Ahmed, er ist gekommen, um seinen Cousin zu suchen. Es zeigt das Foto, das er ihr schickte, bevor er an Bord des tödlichen Schiffes ging. „Ich habe es geschafft, die Halle zu betreten, indem ich mich mit einer Gruppe von Verbandsführern hineingeschlichen habe“, sagte der junge Ägypter, der gestern aus Italien ankam, wo er seit seinem zweiten Lebensjahr lebt – heute wird er 20. Als er durch den Flur ging, zeichnete er die Geschichte eines Überlebenden auf. Auf Arabisch erklärte der Überlebende, dass es mehr als 24 Stunden gedauert habe, bis die Küstenwache eintraf, dann hätten sie das Schiff mit Seilen abgeschleppt. „Da kenterte das Schiff. Es gab nicht genug Leute, die ihnen helfen konnten.

Illegale Rückkehr auf See

Haben griechische und europäische Behörden fair gehandelt?
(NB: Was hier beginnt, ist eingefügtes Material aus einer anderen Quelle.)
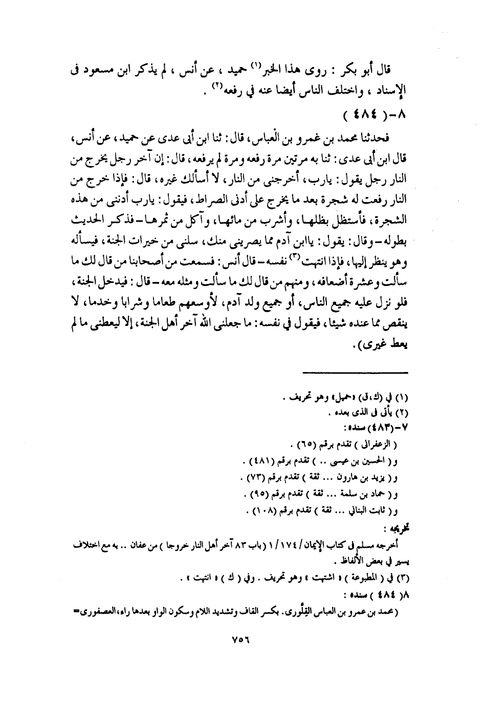 فَحَدَّثَنَا مُحَمَّدُ بْنُ عَمْرِو بْنِ الْعَبَّاسِ، قَالَ: ثَنَا ابْنُ أَبِي عَدِيٍّ، عَنْ حُمَيْدٍ، عَنْ أَنَسٍ، قَالَ ابْنُ أَبِي عَدِيٍّ: ثَنَا بِهِ، مَرَّتَيْنِ مَرَّةً رَفَعَهُ، وَمَرَّةً لَمْ يَرْفَعْهُ، قَالَ: " إِنَّ §آخِرَ رَجُلٍ يَخْرُجُ مِنَ النَّارِ رَجُلٌ يَقُولُ: يَا رَبِّ، أَخْرِجْنِي مِنَ النَّارِ، لَا أَسْأَلُكَ غَيْرَهُ، قَالَ: فَإِذَا خَرَجَ مِنَ النَّارِ رُفِعَتْ لَهُ شَجَرَةٌ بَعْدَمَا يَخْرُجُ عَلَى أَدْنَى الصِّرَاطِ، فَيَقُولُ: يَا رَبِّ أَدْنِنِي مِنْ هَذِهِ الشَّجَرَةِ، فَأَسْتَظِلَّ بِظِلِّهَا، وَأَشْرَبَ مِنْ مَائِهَا، وَآكُلَ مِنْ ثَمَرِهَا " فَذَكَرَ الْحَدِيثَ بِطُولِهِ وَقَالَ: " يَقُولُ: يَا ابْنَ آدَمَ مِمَّا يَصْرِينِي مِنْكَ، سَلْنِي مِنْ خَيْرَاتِ الْجَنَّةِ، فَيَسْأَلُهُ وَهُوَ يَنْظُرُ إِلَيْهَا، فَإِذَا انْتَهَتْ نَفْسُهُ " قَالَ أَنَسٌ: فَسَمِعْتُ مِنَ أَصْحَابِنَا مَنْ قَالَ: «لَكَ مَا سَأَلْتَ وَعَشَرَةُ أَضْعَافِهِ» ، وَمِنْهُمْ مَنْ قَالَ: «لَكَ مَا سَأَلْتَ وَمِثْلُهُ مَعَهُ» قَالَ: فَيَدْخُلُ الْجَنَّةَ، فَلَوْ نَزَلَ عَلَيْهِ جَمِيعُ النَّاسِ، أَوْ جَمِيعُ وَلَدِ آدَمَ، لَأَوْسَعَهُمْ طَعَامًا وَشَرَابًا وَخَدَمًا، لَا يَنْقُصُ مِمَّا عِنْدَهُ شَيْئًا، فَيَقُولُ فِي نَفْسِهِ: مَا جَعَلَنِي اللَّهُ آخِرَ أَهْلِ الْجَنَّةِ، إِلَّا لِيُعْطِيَنِي مَا لَمْ يُعْطِ غَيْرِي " -[757]- حَدَّثَنَا مُحَمَّدُ بْنُ عَبْدِ الْأَعْلَى الصَّنْعَانِيُّ، قَالَ: ثَنَا الْمُعْتَمِرُ، قَالَ: سَمِعْتُ حُمَيْدًا، يُحَدِّثُ عَنْ أَنَسٍ أَنَّ آخِرَ، مَنْ يَخْرُجُ مِنَ النَّارِ، وَآخَرَ مَنْ يَدْخُلُ الْجَنَّةَ، رَجُلٌ يَقُولُ لَهُ رَبُّهُ عَزَّ وَجَلَّ: يَا ابْنَ آدَمَ، مَا تَسْأَلُنِي؟ فَذَكَرَ الصَّنْعَانِيُّ الْحَدِيثَ بِطُولِهِ، قَالَ: " فَلَوْ نَزَلَ بِهِ جَمِيعُ أَهْلِ الْأَرْضِ، أَوْ قَالَ: جَمِيعُ بَنِي آدَمَ، لَأَوْسَعَهُمْ طَعَامًا وَشَرَابًا، وَخَدَمًا لَا يَنْقُصُ مِمَّا عِنْدَهُ شَيْئًا

Kann die Tragödie vermieden werden? Verschiedene NGO-Leiter weisen kaum auf die Verantwortung der europäischen Politik und mögliche Entscheidungsdefizite hin. Griechenland, das Tor zur Europäischen Union, wird regelmäßig für seine repressive Migrationspolitik kritisiert, die seit Juli 2019 und der Ankunft von Kyriakos Mitsotakis, dem Führer der Neuen Demokratie, als Staatsoberhaupt verschärft wurde. Das Konsortium aus Journalisten und Verbänden hat seine Existenz bewiesen Rückstoß, diese illegale Rückkehr auf dem Meer Eine im Norden des Landes errichtete Mauer, die bis zum Fluss Evros reicht, soll die Durchfahrt von Migranten verhindern. Allerdings haben seit 2014 mindestens 27.000 Männer, Frauen und Kinder im Mittelmeer ihr Leben verloren. Mehr als 1.000 wurden seit Jahresbeginn im zentralen Mittelmeer vermisst, ein Rekord seit 2017. Diese Zahlen werden ohne sichtbare Wracks übermittelt , geschah ohne Zeugen.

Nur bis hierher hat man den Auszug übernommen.